Присосались к городу, паразиты!
-- А вы попробуйте обойтись.
-- Без них или без ягоды?
-- Это одно и то же. Они и есть ягодки, пригородные, дачные. На вас же,
городских, и работают. А что делать, если государство отдыхает? Вы возьмите
те села, куда дачники не ездят, там о клубнике и не знают.
-- Люди всюду живут. Кому где удается. Так, кажется?
-- Удается родиться или повезет прописаться. В селах паспортов нету, не
выдают, а куда без паспорта денешься? Крепостное право реабилитировали.
-- Ну вы-то, кажется, в Рубцовкс родились, а...
-- А в тайгу за казенный кошт доставили.
-- Было за что?
-- Сверху виднее. - А снизу?
-- Булыжник только сапоги видит, которые его топчут.
-- Однако выдерживает дольше сапог.
-- Правильно заметили. Гранит. Нас 18 дворов за триста верст от
железной дороги по реке сплавили, как бревна, сбросили -- подыхайте.
-- Но -- выжили?
-- Живым в землю не ляжешь, но жить и земле можно, даже живым. Живет же
в земле крот, хотя его и не заставляют, а ежели заставить -- то и подавно
проживет.
Был у нас в селе, в Рубцовке, то-есть, конопатый Васька; босяк,
пропойца. Он за стакан водки собирал с себя жменю вшей, -- закусывал ими.
Его, как бедняка, председателем сельсовета назначили -- в насмешку над
обществом, разве что... Так он со вшей сразу на сало перешел, и обязательно
на свежину, -- не иначе.
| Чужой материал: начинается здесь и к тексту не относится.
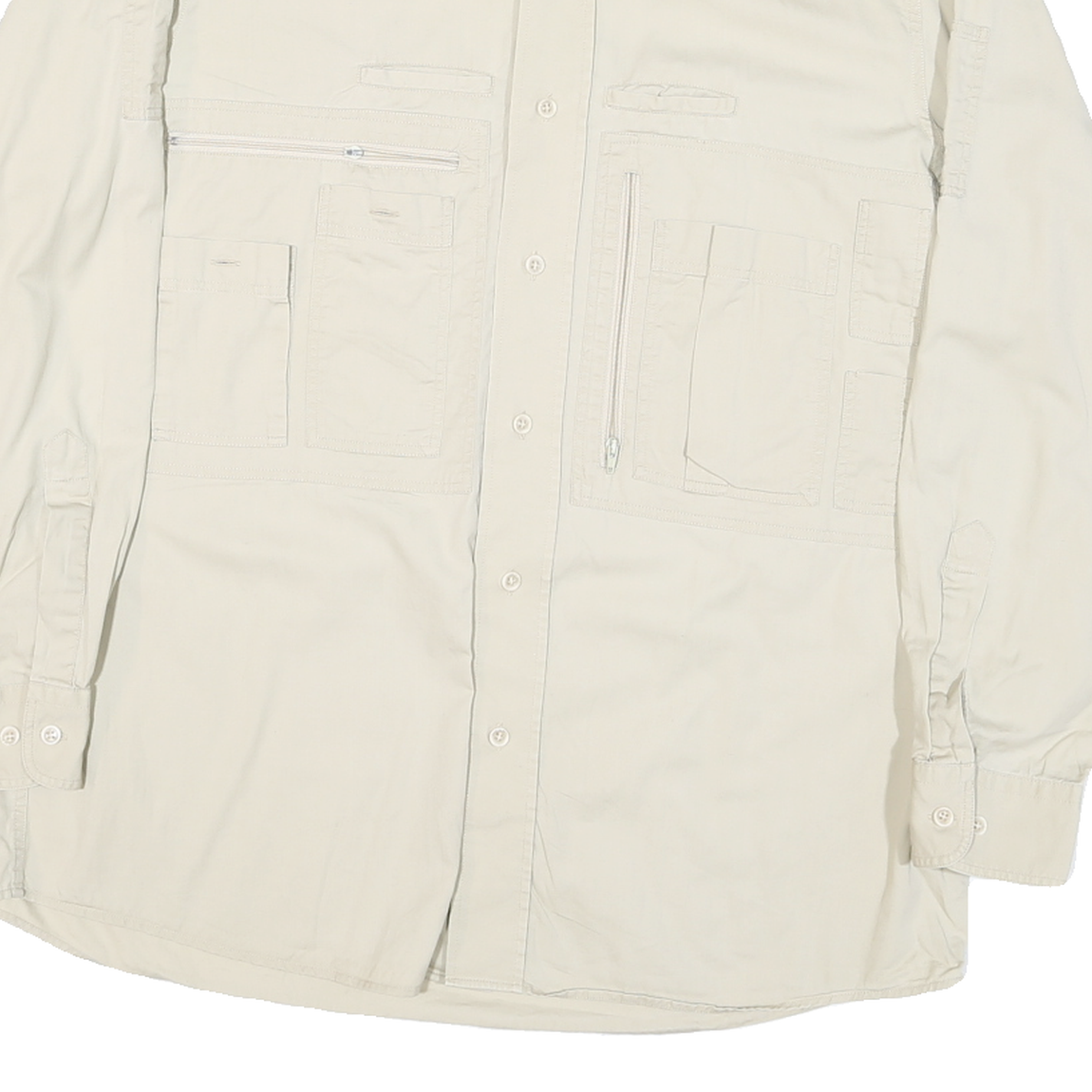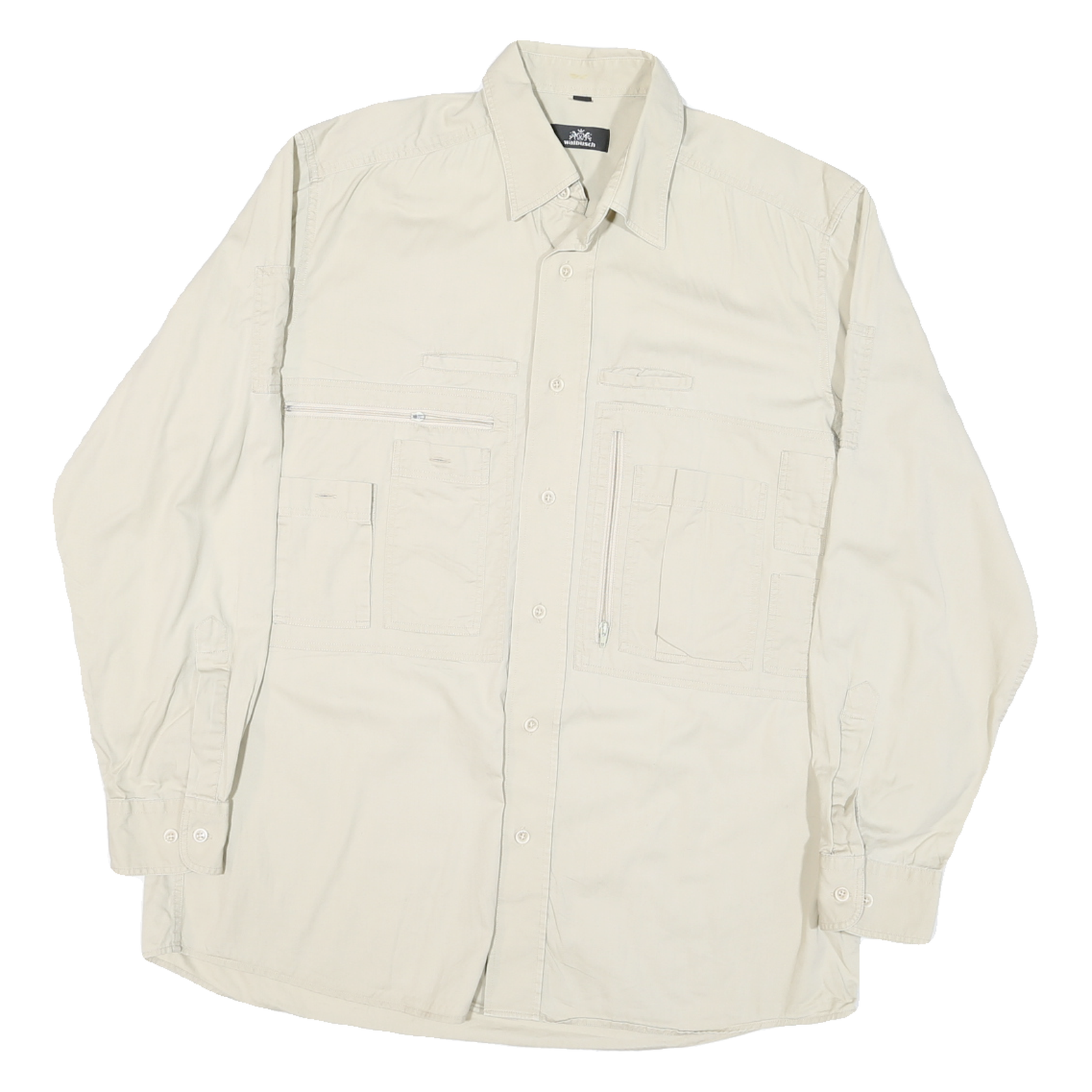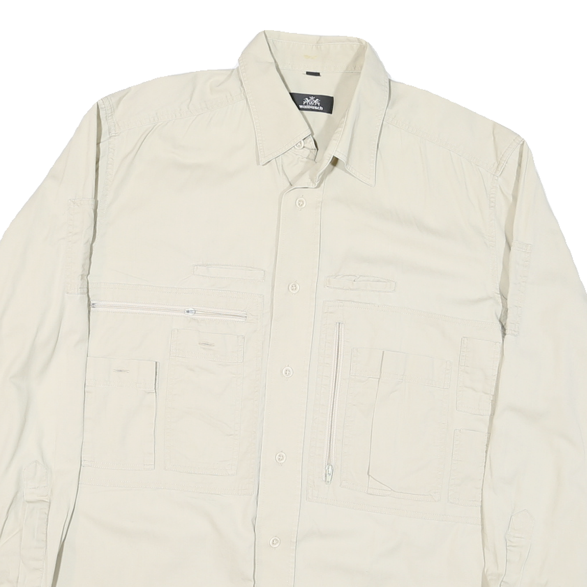 This Mens shirt from Walbusch features a beige cream colour crafted from a smooth cotton blend fabric, offering durability with a soft and comfortable feel. The shirt is designed with multiple front pockets including zip and flap closures, adding both utility and style to the practical design.

Потом разобрались, правда, -- выгнали. Он опять ко
вшам возвратился.
-- Выходит, признал критику?
-- Вырыли котлован общий на всех, вроде волчьей ямы, перекрыли -- и
живем.-
-- Волчьей стаей?
-- Коммуной живем. Вечный огонь поддерживали, как на могиле
неизвестного солдата.
-- Робинзоны.
-- Климат не тот, но привыкнуть можно. Силки на зверя ставили, кедровый
орех заготовляли.
-- И все -- сами по себе?
-- Самостоятельно жили. Но рассказывать долго, а слушать утомительно.
Весной ходоков в город направили, туда пешком шли, триста километров, а из
города с лошадьми вернулись. Прилично распродались, грех жаловаться. И
табачок появился, и порох, и керосин, и одежонка кой-какая, и детям на
гостинцы осталось.
-- Короче, освоились?
-- Коротко ли, долго, а пять лет прошло--в себя приходить начали.
Власти про нас забыли, а мы про них не вспоминали. Сами по себе живем. Избы
поставили, в каждом дворе корона, лошадь. Весной в город обоз снаряжать с
зимы готовились. Детишек с собой забирали -- пусть посмотрят, как люди
живут. Да и мы, прямо скажу, не хуже людей жили.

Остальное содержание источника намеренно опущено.